* **DATASET EXTRACT**
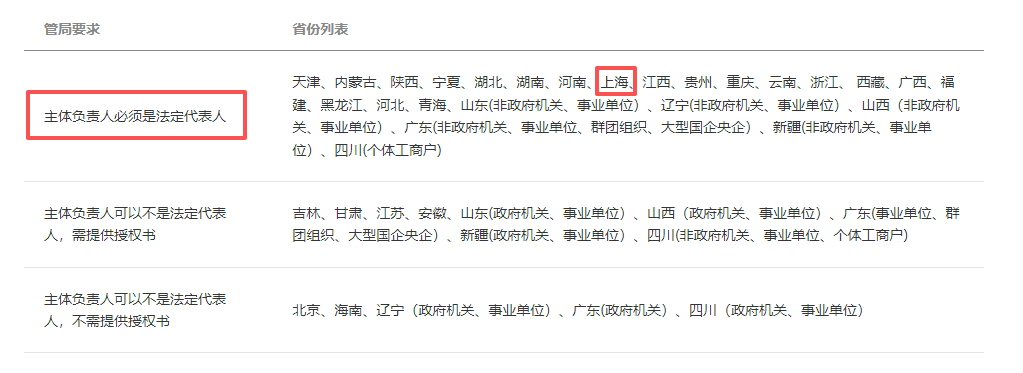 您好,请问上海地区微信小程序备案,需要填写主体负责人,上海是必须填写法人吗?1.可以授权给其他人吗?2.如果必须法人,后续他是否还要来帮忙做人脸识别认证?
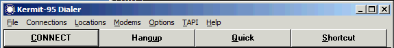 Kermit 95 comes in two pieces: a graphical Dialer (K95DIAL.EXE) and a text-based command and communications engine (K95.EXE). The Dialer is a user-friendly "front end" for K95 in the normal Windows graphical style, complete with menus, toolbar, and numerous graphical dialogs. You can use the Dialer to define all your connections, and after that you can access them any time you want simply by clicking on them. But you don't have to use the Dialer at all if you prefer not to, which might be the case if you are already an experienced user of C-Kermit or MS-DOS Kermit.
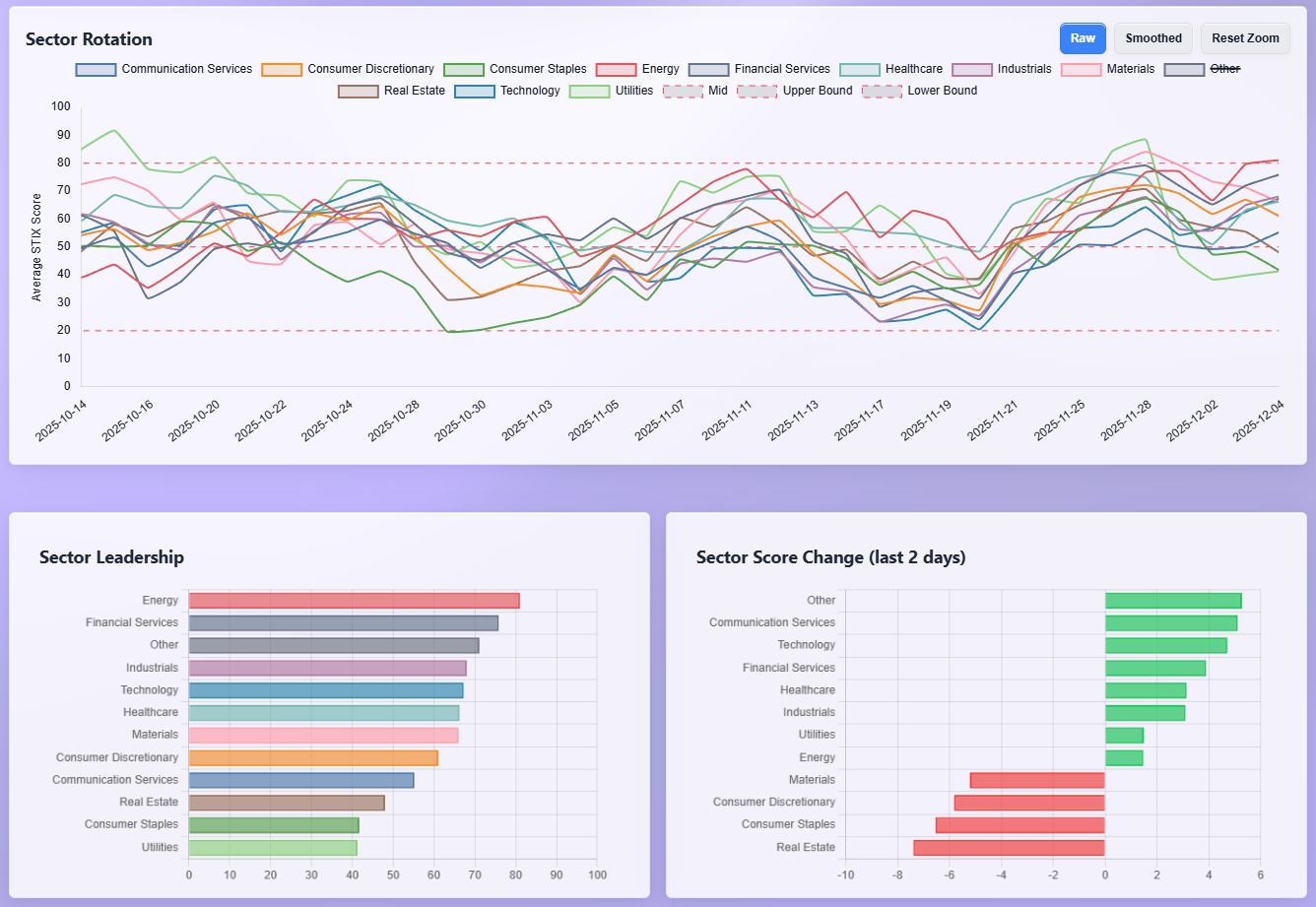 Energy and Materials show up quietly but persistently through LEU, WCPRF, VTOL, NB, TMQ, SGML, MTUS, and CMCL. This is not a headline oil trade; this is a supply-chain and resource-security trade, spanning uranium, industrial metals, and oilfield services. That fits neatly into the same structural narrative as Industrials: capital is maintaining exposure to hard-asset systems that underpin both energy transition and defense logistics.
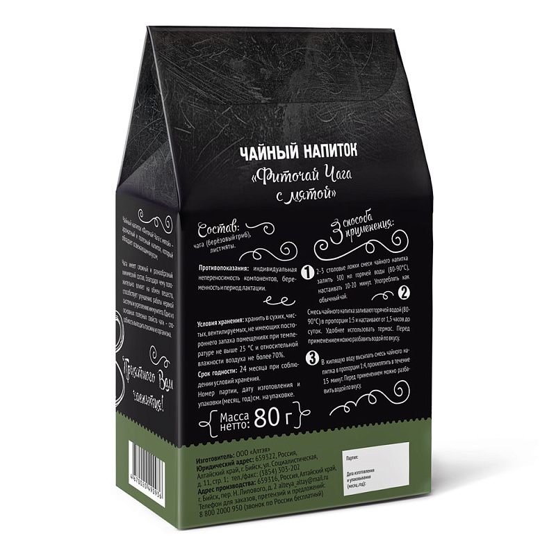 Фиточай "Чага с мятой", 80 гр
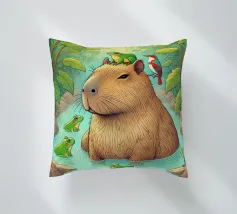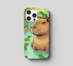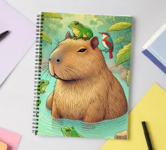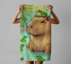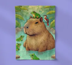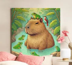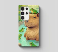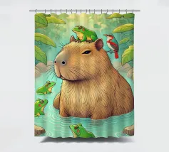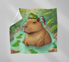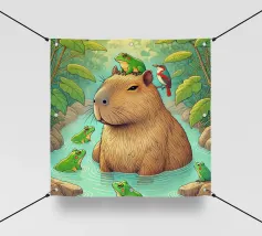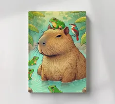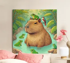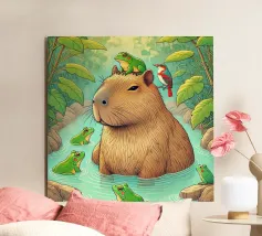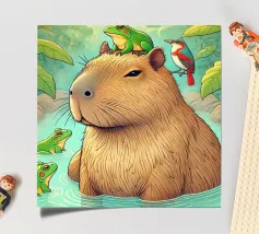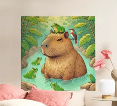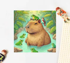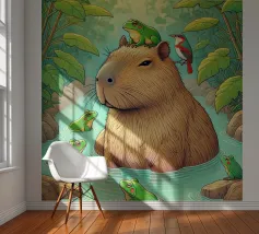 Un capibara si rilassava in una sorgente calda, circondato da uccellini appollaiati sulla testa e rane che saltellavano sulle zampe.
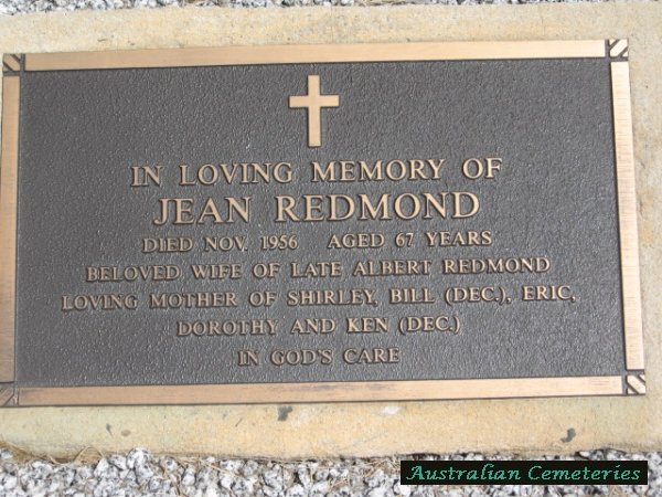 | REDMOND | A.H.(Albert Henry) | photo | photo | 17/4/1954 | 66 | Jean | par William & Eliza. | ||

* **WHAT IS EXPECTED**
Your copy should consist only of the lines from the line holding "Kermit 95 comes" through the final line of the listing above, both included, with all pictures omitted.

* **ANSWER BOX**
 Kermit 95 comes in two pieces: a graphical Dialer (K95DIAL.EXE) and a text-based command and communications engine (K95.EXE). The Dialer is a user-friendly "front end" for K95 in the normal Windows graphical style, complete with menus, toolbar, and numerous graphical dialogs. You can use the Dialer to define all your connections, and after that you can access them any time you want simply by clicking on them. But you don't have to use the Dialer at all if you prefer not to, which might be the case if you are already an experienced user of C-Kermit or MS-DOS Kermit.
 Energy and Materials show up quietly but persistently through LEU, WCPRF, VTOL, NB, TMQ, SGML, MTUS, and CMCL. This is not a headline oil trade; this is a supply-chain and resource-security trade, spanning uranium, industrial metals, and oilfield services. That fits neatly into the same structural narrative as Industrials: capital is maintaining exposure to hard-asset systems that underpin both energy transition and defense logistics.
 Фиточай "Чага с мятой", 80 гр
 Un capibara si rilassava in una sorgente calda, circondato da uccellini appollaiati sulla testa e rane che saltellavano sulle zampe.
 | REDMOND | A.H.(Albert Henry) | photo | photo | 17/4/1954 | 66 | Jean | par William & Eliza. | ||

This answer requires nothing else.